A terrible cackle filled the dusty air and a woman in black came soaring out of the gloom at the party, riding a broom through the air. Her skin was green, her hat tall and pointed. “I’ll get you, my pretties!” She shrieked. “Aaaaauughh! Curses!” The admiral had flung a tentacle around her broomstick and she lost control, careening face-first into a wall.

They hit the ground floor and raced for the main doors. “I believe we’re still over the pit,” stated old Bill Blake. “Though metaphorically we’re perhaps more so at the bottom of it.” They spilled onto the rickety front porch which hung over the great nothingness, and there they performed the whole pile-up, squeal and reverse deal again.

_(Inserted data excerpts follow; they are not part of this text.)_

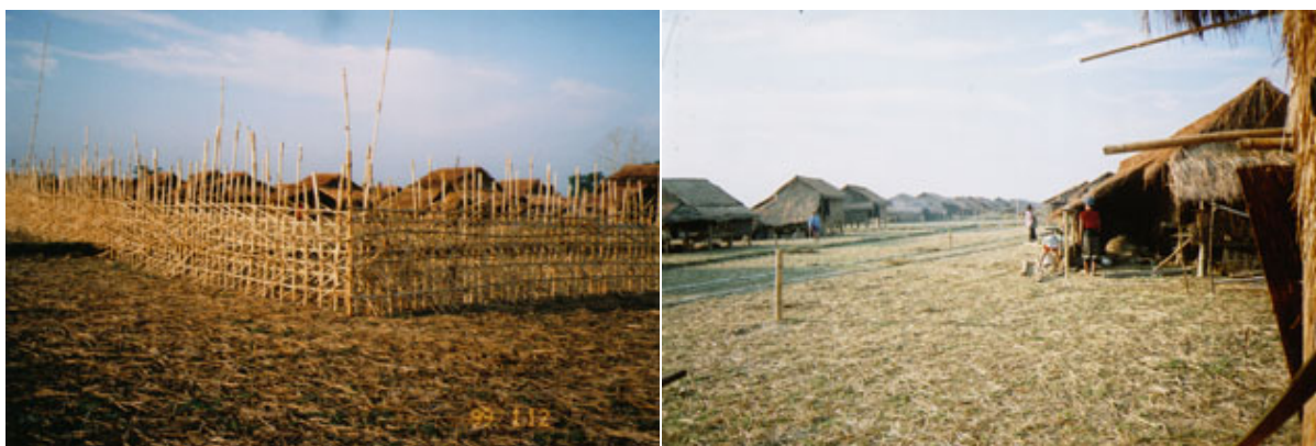
Plaw Law Bler relocation site with surrounding fence, April 2006. Disregard incorrect date printed in the photo.

At Plaw Law Bler relocation site, the military allowed each family a square plot of only ten armspans (15 m / 50 feet) per side on which to construct their new homes, with no space allotted for gardens or livestock. No building materials are provided; villagers were expected to bring their own by stripping their houses in the village, but those without carts for transport could not bring these and have had to build their new houses from grass and rice straw. If the newly constructed house did not meet SPDC specifications, soldiers beat the villagers and ordered them to destroy the building and begin again. Villagers were ordered to construct a fence around the entire relocation site as well as around each individual property. Some villagers with large families stated that the space provided was not large enough for them and those who reared domestic animals were unable to keep them as no other land was provided. Livestock that the villagers did keep was under constant threat of theft from local civilian thieves and SPDC soldiers. Villagers were unable to keep livestock at their old villages as the SPDC threatened that if they left the relocation site without permission they would be accused of having connections with the Karen National Union (KNU).
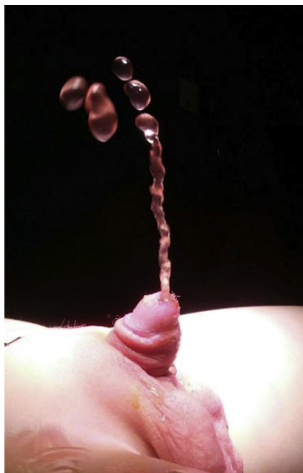
Figure Urethral micturition after bladder graft mucosa urethroplasty.

Our results show that bladder mucosal graft for primary severe proximal hypospadias in selected patients is a possible alternative to other commonly used techniques, with the aim of restoring recovery of the normal continuity of the distal urinary tract see figure below.
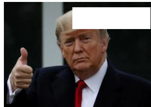
Democrats condemn Trump at trial as threat to American democracy
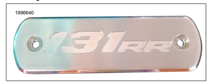
Figure 2. Unpainted Accents Part No. 25702011A
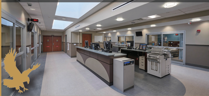
Benchmark Construction Company, Inc. Cardio Overbuild
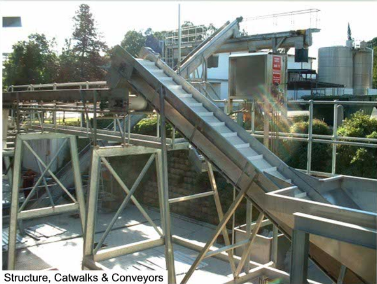
Structure, Catwalks & Conveyors
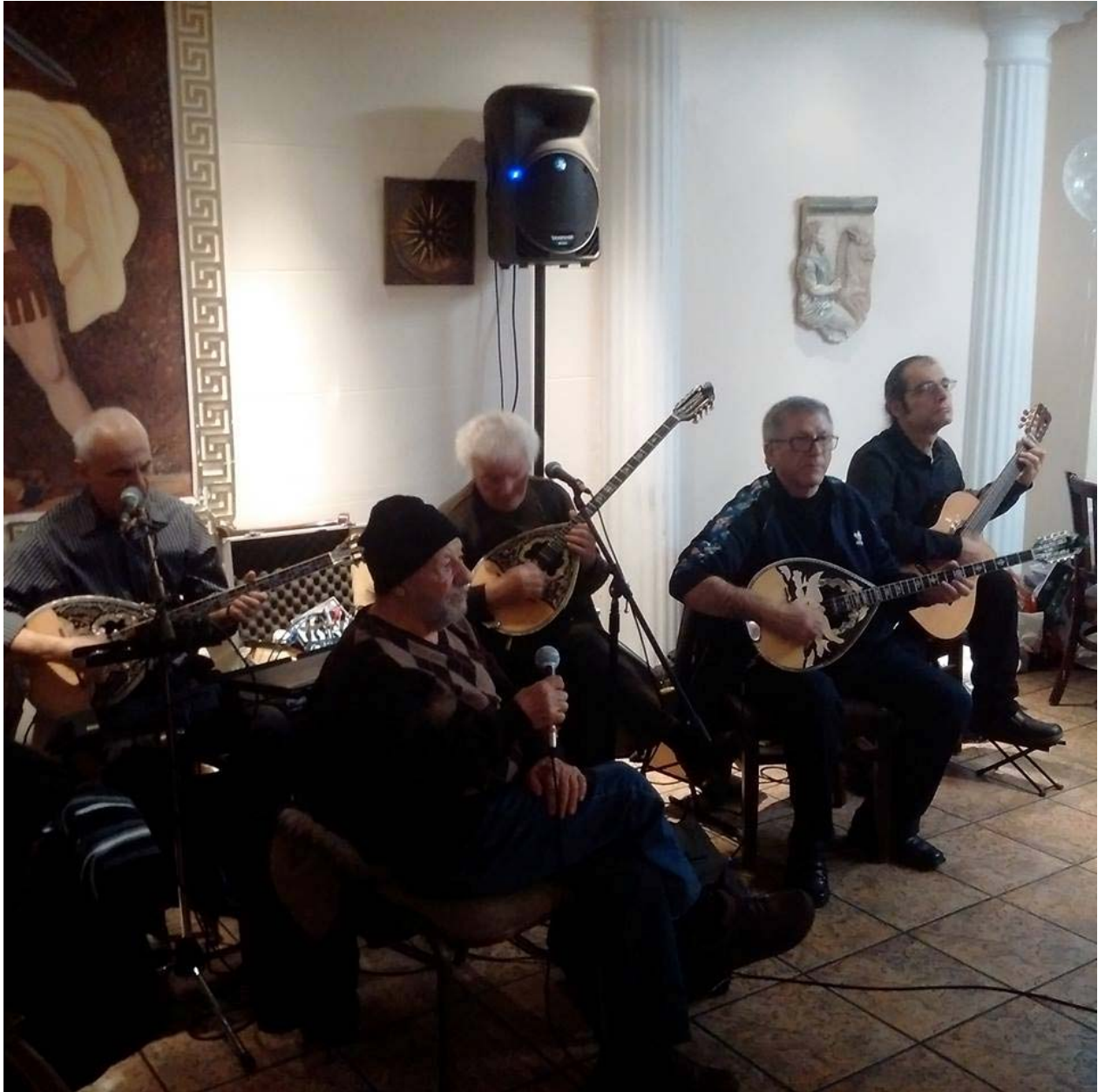
Toronto AHEPA Family Christmas Dinner, December 3, 2016

“This way,” the admiral blurted as he found himself in the lead again. They turned down a hallway to find a giant white mouse in tiny top hat squatting there. He had red eyes and he sniffed the visitors as they slowed before him.

“One of you smells delicious,” said the mouse, and then, “Oh my gourd! You’re Mickey Mouse! May I have your autograph!”

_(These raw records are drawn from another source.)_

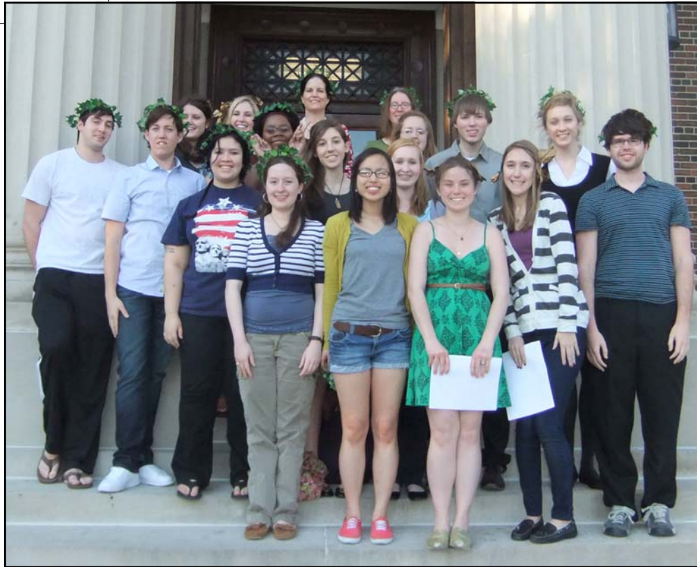
Eta Sigma Phi Induction of New Members
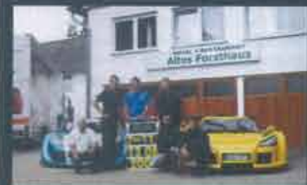
The Gumpert team celebrate their recent supercar lap record, set with an Apollo Sport

Production car Nürburgring lap times can be pretty confusing. Although it is generally agreed that the cars must be in showroom trim and on standard tyres, there is no official body that oversees the attempts and records the times. There's an added problem in that the start and end points of the lap to which the times typically refer are not in the same place, so a stopwatch at the public entrance on the Döttinger-Höhe straight won't give you an instant time. This is because the bulk of the times are set during industry pool days when it would be dangerous to pass the old pit exit at full speed. Accordingly, the lap starts at the old pitlane exit and ends just after the final corner, missing out the 200 metres or so of the old pit straight, so this section has to be deducted from the data later.
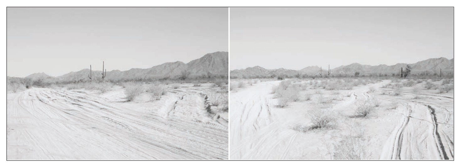
Figure 2: OHV-Related Damage at Sonoran Desert National Monument

historical sites. For example, soil and vegetation damage from unauthorized OHV use at Sonoran Desert National Monument in Arizona was severe enough that in 2007 the Bureau of Land Management closed about 55,000 acres of the monument to all motorized vehicles (see fig. 2).

“Next time, home boy!” squeaked Mickey. “Out of the way now!” The white mouse stepped aside and the party barrelled through.

“Follow me!” cried the admiral as he charged through a doorway at the end of the hall. There appeared no way out of this room.  Bleeekxpritzle kept running.

“Excuse me, admiral,” said Mr. Blake. “I say, excuse-” The Admiral hit the wall.

For the most part, as a result, the wall was demolished. The alien stumbled onto the floor of Detex One with Old Bill on his back and Old Bill’s bowler hat lost somewhere behind in the debris, leaving the old guy looking very much like Albert Einstein without it. The others came pouring out after them and with scarce seconds to spare. Before the gang had caught their breath, the giant crumbling structure behind them suddenly vanished, replaced by a wiener in a bun. These, along with the bowler hat, promptly plummeted into the void.

Mickey mouse marched up to Lord Pheltphondle, glaring at him. “A haunted house…! Really!”

“It’s all I could think of on short notice,” stated Lord Pheltphondle.

“How do you go about thinking up haunted house without thinking of simply house! Don’t you think that all might have been significantly less risky without all the ghosts and shit!”

The lord tugged at his collar and cleared his throat. “I was under pressure.”